His claim that prison works
could have been taken word for word from Howard’s speech: “{Prison} takes the most difficult and
prolific offenders off our streets and protects our hard working, law abiding
citizens. It sends a strong message about what our society is willing to
accept, and what it is not willing to accept.”
True, Grayling’s world is not all about
punishment and he does believe in people’s ability to change. He understandably
skated over the substantial challenges he faces in “pushing through the most radical changes to
the way we rehabilitate offenders for a generation.”
But there is a lot about punishment in
Grayling’s “end to soft justice”. Dispiritingly, he opened with a tale of two
young offenders being sent to a segregation unit for some infraction or other.
He seems to want prisoners to stay inside for longer; to pay fines for any
damage they cause and to have to earn
any privileges (which cannot include Sky TV) . He doesn’t think they should to
get legal advice if they want to make a serious complaint about their treatment.

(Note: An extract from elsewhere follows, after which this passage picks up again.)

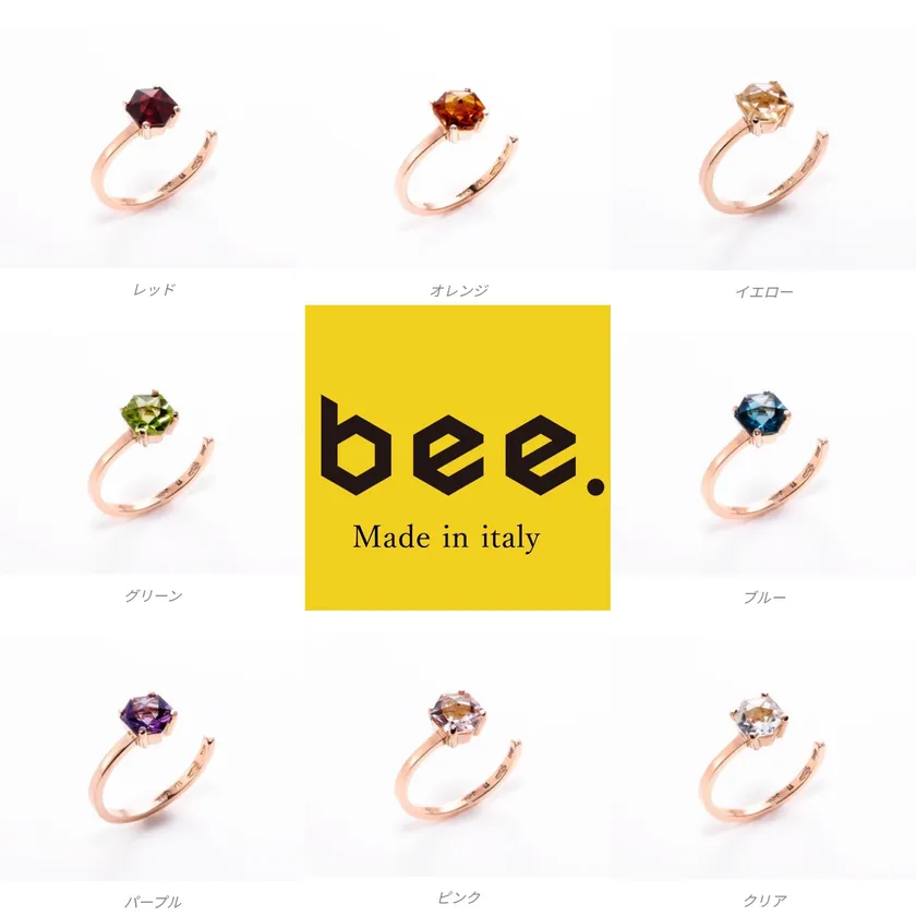 「bee」リングは、日本でデザインされ、イタリアの工房で熟練の職人により1点1点丁寧に作られています。「bee」リングの六角形のイエローボックスも“Made in Italy”です。

I am not sure whether Grayling reads reports of the Prison Inspectorate and
Monitoring Boards but presumably his department has warned him about the risks
of introducing more sticks and removing carrots as staff are being cut . He will
ignore them because for him the point of
a punitive culture in prisons is not just about the impact it has on prisoners- it
is to provide “ a system that hard working, law abiding people can have
confidence in.”
This is a dangerous road to go down, which
can all to easily end in what retired Law
Lord described (in respect of one of Michael Howard’s decisions) as “institutionalised vengeance”. Its all the more worrying when
combined with a plan to weaken legal protections and safeguards. Grayling
scorned “the all too familiar yob’s catchphrase ‘I know my rights’” as if such people should not have any.
The next
two days the Howard League is holding an important conference called “What is
Justice: Re-imagining Penal Policy”. I somehow doubt that Mr Grayling will be
sending his advisers. More’s the pity.